- Stored items
----
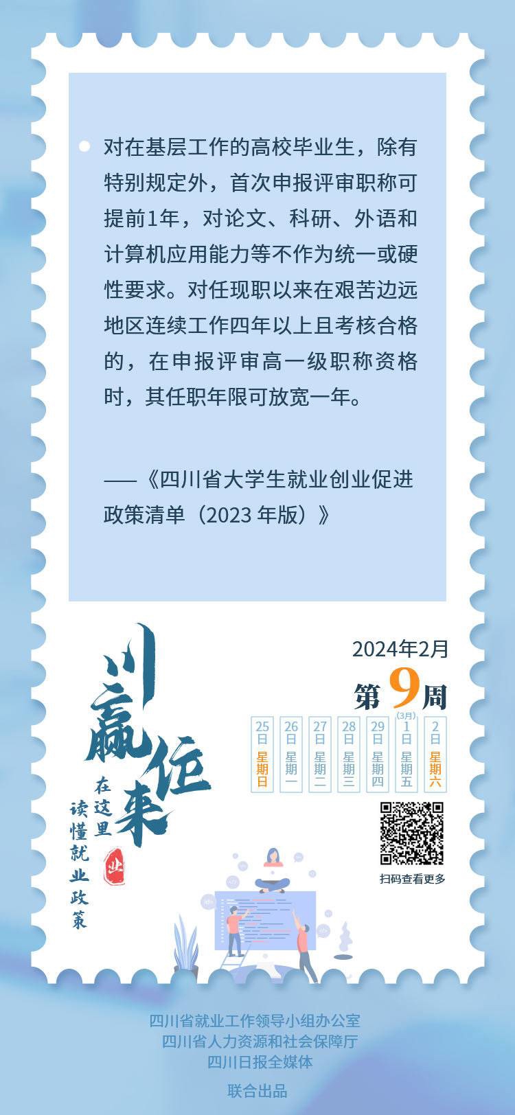 為引導(dǎo)和鼓勵(lì)高校畢業(yè)生到基層就業(yè),優(yōu)化服務(wù)保障,為高校畢業(yè)生在基層成長成才創(chuàng)造良好條件,近年來國家和省先后出臺(tái)多項(xiàng)優(yōu)惠政策。由省就業(yè)工作領(lǐng)導(dǎo)小組辦公室會(huì)同省級(jí)相關(guān)部門匯總編輯的《四川省大學(xué)生就業(yè)創(chuàng)業(yè)促進(jìn)政策清單(2023年版)》,對(duì)這些優(yōu)惠政策進(jìn)行了梳理。本期“川贏位來·就業(yè)政策周歷”,我們一起來分享這些相關(guān)政策。
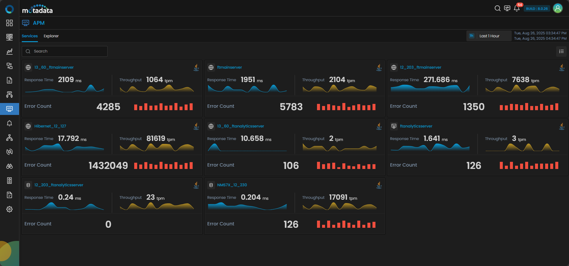 Go to the APM Explorer section from the main menu. Click on Service to view all registered services. Each service tile includes quick insights such as Response Time, Throughput, and Error Rate.
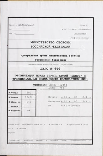 Akte 646: Unterlagen der kriegsgeschichtlichen Verwaltung des Generalstabes der Streitkräfte der Russischen Föderation: Übersetzung von Unterlagen der Ia-Abteilung der Heeresgruppe Mitte – Stellenbesetzung im Oberkommando der Heeresgruppe u.a., 1.5.1944
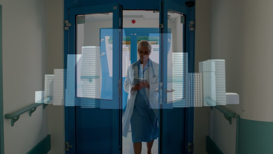 A female doctor dressed in a blue uniform and white coat walks down a hospital corridor with digital data graphics projected in front of her. The layers of information suggest the integration of technology and healthcare. This video illustrates the impact of data analytics in modern medical practice. Ideal for articles or presentations on digital transformation in healthcare, technology's role in hospitals, or the future of medical professions.
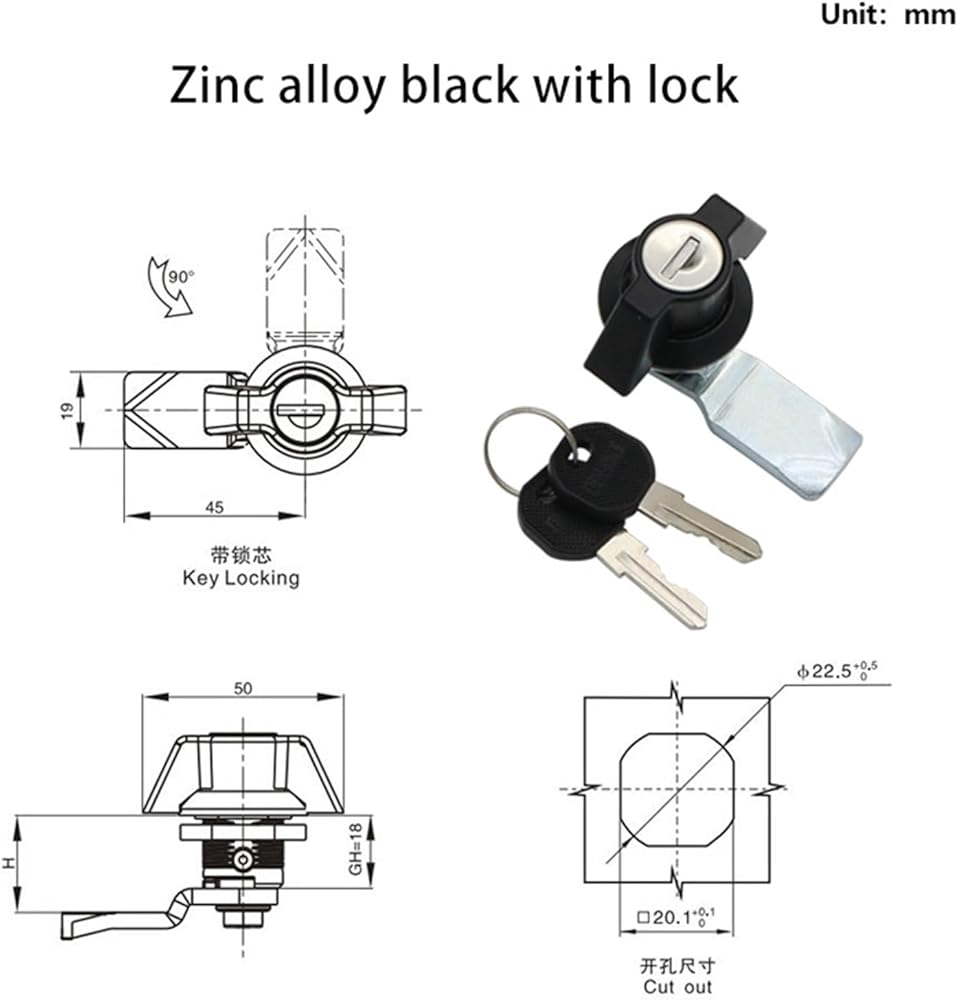 Zinc Alloy Cylindrical Tongue Lock Industrial Electrical Equipment Distribution Box Handle Cabinet Handle 1Pcs
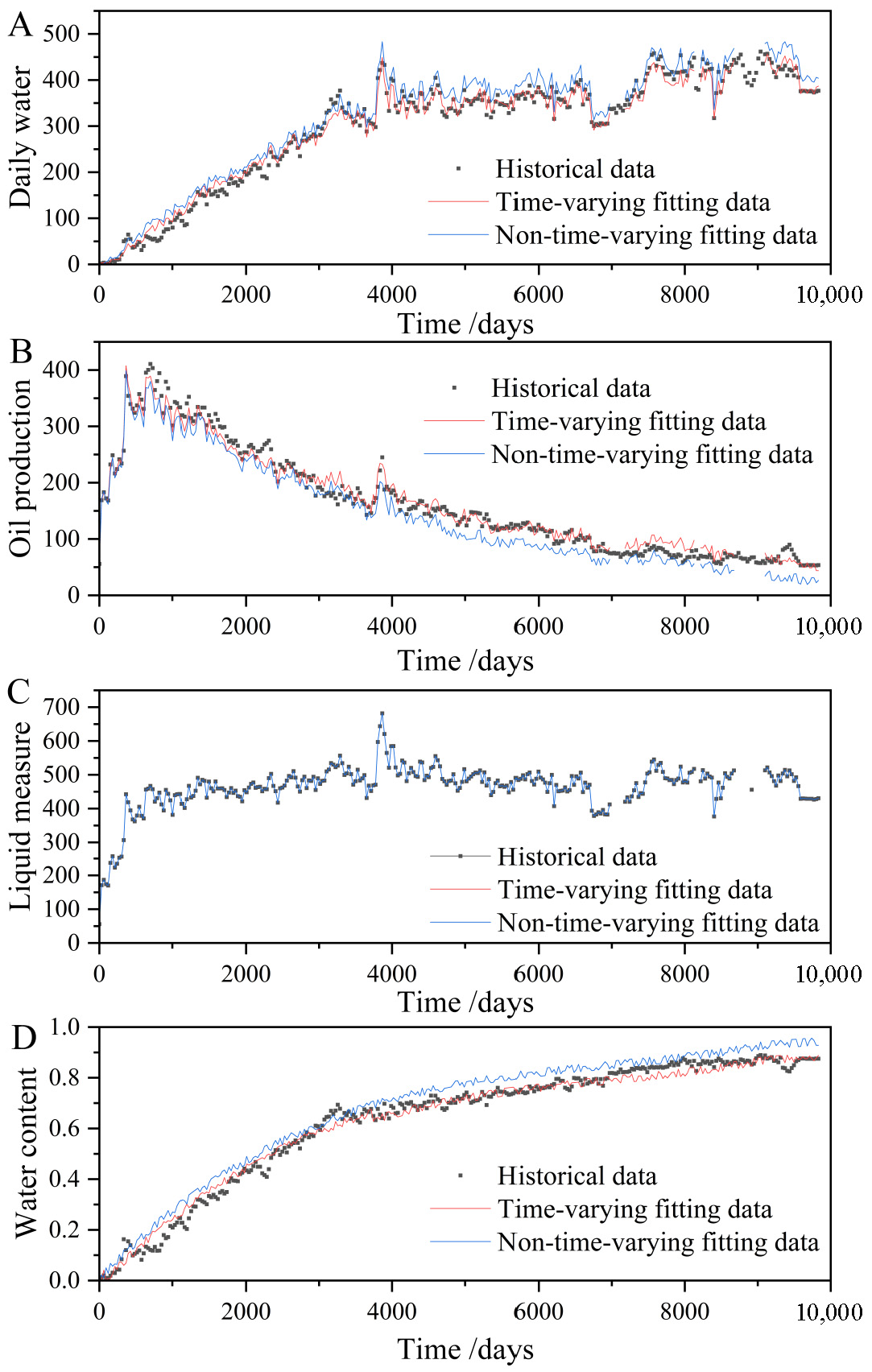 Figure 9). These results indicate that the time-variant model effectively captures the dynamic reservoir behavior during long-term water injection, particularly providing high-fidelity simulation of water cut and pressure during the high water cut stage.
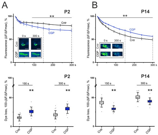 Figure 3. Effect of the GABAB-R blocker CGP 55845 (5 μM) on exocytotic dye release from FM1-43-preloaded motor nerves of the LAL of newborn (P2, panel (A)) and young (P14, panel (B)) mice. (Top)—kinetics of exocytotic FM 1-43 dye release from motor nerve terminals in control (Cntr, black) and CGP-treated nerve-muscle preparations (CGP, blue). The inset shows typical fluorescence images of NMJs before the onset (0) and at 300 s of stimulation in the control and in the presence of CGP 55845. Scale bars, 15 µm. (Bottom)—the portion of dye fluorescence loss during 150 s and 300 s of stimulation at 30 Hz in control (Cntr; n = 12–17) and CGP-treated nerve terminals (n = 13–14). ** p < 0.01 vs. control values.
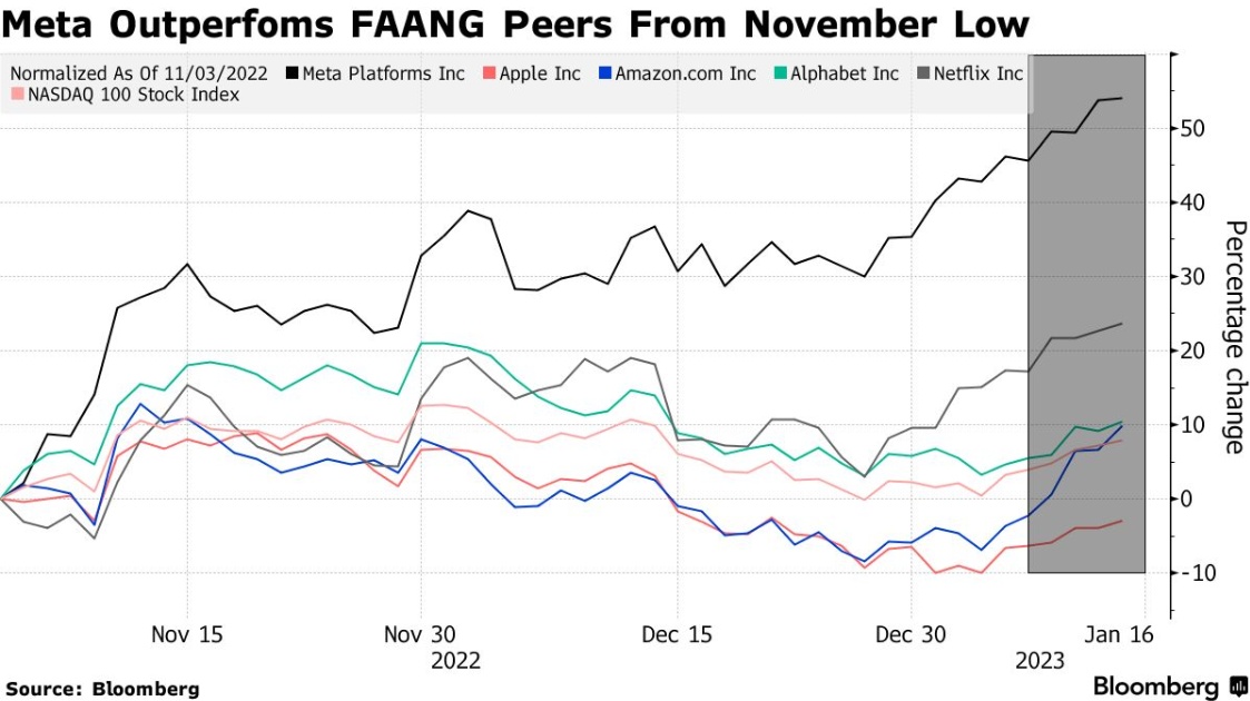 智通财经APP获悉,自去年11月Meta(META.US)跌至近期低点以来,该股是标普500指数中表现最好的股票,涨幅达54%。这一反弹的部分原因是该公司宣布将裁员11000多人,这是该公司历史上第一轮大规模裁员。然而,过去几个月跑赢市场的涨势仍未能说服一些怀疑论者,因为这家Facebook和Instagram的所有者计划继续投入大量资金来构建元宇宙。
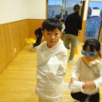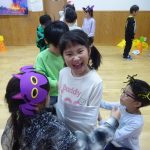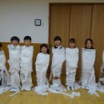 ほうきを足で挟みながら走るのに苦戦する姿や、目玉を運ぶところでは、ドキドキしながらも落とさないように慎重に運んでる児童もいました。ミイラ巻きでは、3年生がコツを掴んで、1.2年生にアドバイスをしていました。「上から巻いたほうがいいよ!」「私らのグループは声出して、順番でいこう!」など、それぞれのチームで盛り上がっていました。
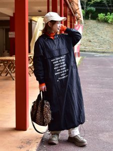 メインのアイテムは、ロゴ入りの「アノラックワンピース」で、スポーティさとストリート感を演出しています。
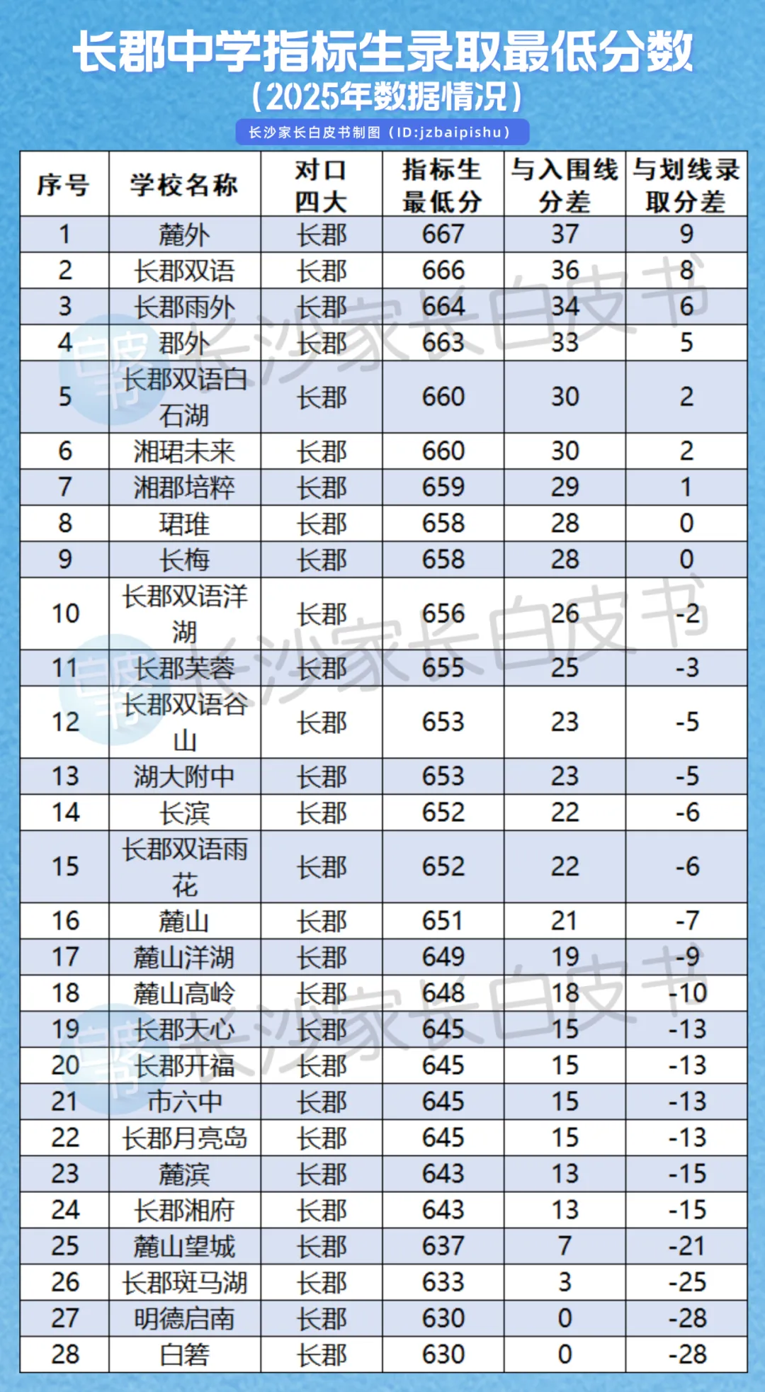 2、长郡中学指标生最低分排序第一的是麓山外国语667分,比划线录取线分高9分,有19所学校可以降分进长郡,最高可以降28分;
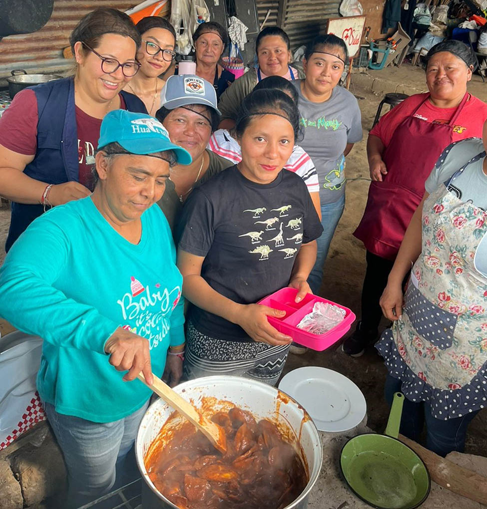 La actividad permitió que las integrantes del Centro de Aprendizaje para el Desarrollo Rural (CADER), de la aldea Cañas Viejas, aprendieran la elaboración técnica de mole de plátano.
----
- Task statement
All of the lines above must be repeated without alteration, though the pictures are to be excluded.

- Exercise response
 為引導(dǎo)和鼓勵(lì)高校畢業(yè)生到基層就業(yè),優(yōu)化服務(wù)保障,為高校畢業(yè)生在基層成長成才創(chuàng)造良好條件,近年來國家和省先后出臺(tái)多項(xiàng)優(yōu)惠政策。由省就業(yè)工作領(lǐng)導(dǎo)小組辦公室會(huì)同省級(jí)相關(guān)部門匯總編輯的《四川省大學(xué)生就業(yè)創(chuàng)業(yè)促進(jìn)政策清單(2023年版)》,對(duì)這些優(yōu)惠政策進(jìn)行了梳理。本期“川贏位來·就業(yè)政策周歷”,我們一起來分享這些相關(guān)政策。
 Go to the APM Explorer section from the main menu. Click on Service to view all registered services. Each service tile includes quick insights such as Response Time, Throughput, and Error Rate.
 Akte 646: Unterlagen der kriegsgeschichtlichen Verwaltung des Generalstabes der Streitkräfte der Russischen Föderation: Übersetzung von Unterlagen der Ia-Abteilung der Heeresgruppe Mitte – Stellenbesetzung im Oberkommando der Heeresgruppe u.a., 1.5.1944
 A female doctor dressed in a blue uniform and white coat walks down a hospital corridor with digital data graphics projected in front of her. The layers of information suggest the integration of technology and healthcare. This video illustrates the impact of data analytics in modern medical practice. Ideal for articles or presentations on digital transformation in healthcare, technology's role in hospitals, or the future of medical professions.
 Zinc Alloy Cylindrical Tongue Lock Industrial Electrical Equipment Distribution Box Handle Cabinet Handle 1Pcs
 Figure 9). These results indicate that the time-variant model effectively captures the dynamic reservoir behavior during long-term water injection, particularly providing high-fidelity simulation of water cut and pressure during the high water cut stage.
 Figure 3. Effect of the GABAB-R blocker CGP 55845 (5 μM) on exocytotic dye release from FM1-43-preloaded motor nerves of the LAL of newborn (P2, panel (A)) and young (P14, panel (B)) mice. (Top)—kinetics of exocytotic FM 1-43 dye release from motor nerve terminals in control (Cntr, black) and CGP-treated nerve-muscle preparations (CGP, blue). The inset shows typical fluorescence images of NMJs before the onset (0) and at 300 s of stimulation in the control and in the presence of CGP 55845. Scale bars, 15 µm. (Bottom)—the portion of dye fluorescence loss during 150 s and 300 s of stimulation at 30 Hz in control (Cntr; n = 12–17) and CGP-treated nerve terminals (n = 13–14). ** p < 0.01 vs. control values.
 智通财经APP获悉,自去年11月Meta(META.US)跌至近期低点以来,该股是标普500指数中表现最好的股票,涨幅达54%。这一反弹的部分原因是该公司宣布将裁员11000多人,这是该公司历史上第一轮大规模裁员。然而,过去几个月跑赢市场的涨势仍未能说服一些怀疑论者,因为这家Facebook和Instagram的所有者计划继续投入大量资金来构建元宇宙。
 ほうきを足で挟みながら走るのに苦戦する姿や、目玉を運ぶところでは、ドキドキしながらも落とさないように慎重に運んでる児童もいました。ミイラ巻きでは、3年生がコツを掴んで、1.2年生にアドバイスをしていました。「上から巻いたほうがいいよ!」「私らのグループは声出して、順番でいこう!」など、それぞれのチームで盛り上がっていました。
 メインのアイテムは、ロゴ入りの「アノラックワンピース」で、スポーティさとストリート感を演出しています。
 2、长郡中学指标生最低分排序第一的是麓山外国语667分,比划线录取线分高9分,有19所学校可以降分进长郡,最高可以降28分;
 La actividad permitió que las integrantes del Centro de Aprendizaje para el Desarrollo Rural (CADER), de la aldea Cañas Viejas, aprendieran la elaboración técnica de mole de plátano.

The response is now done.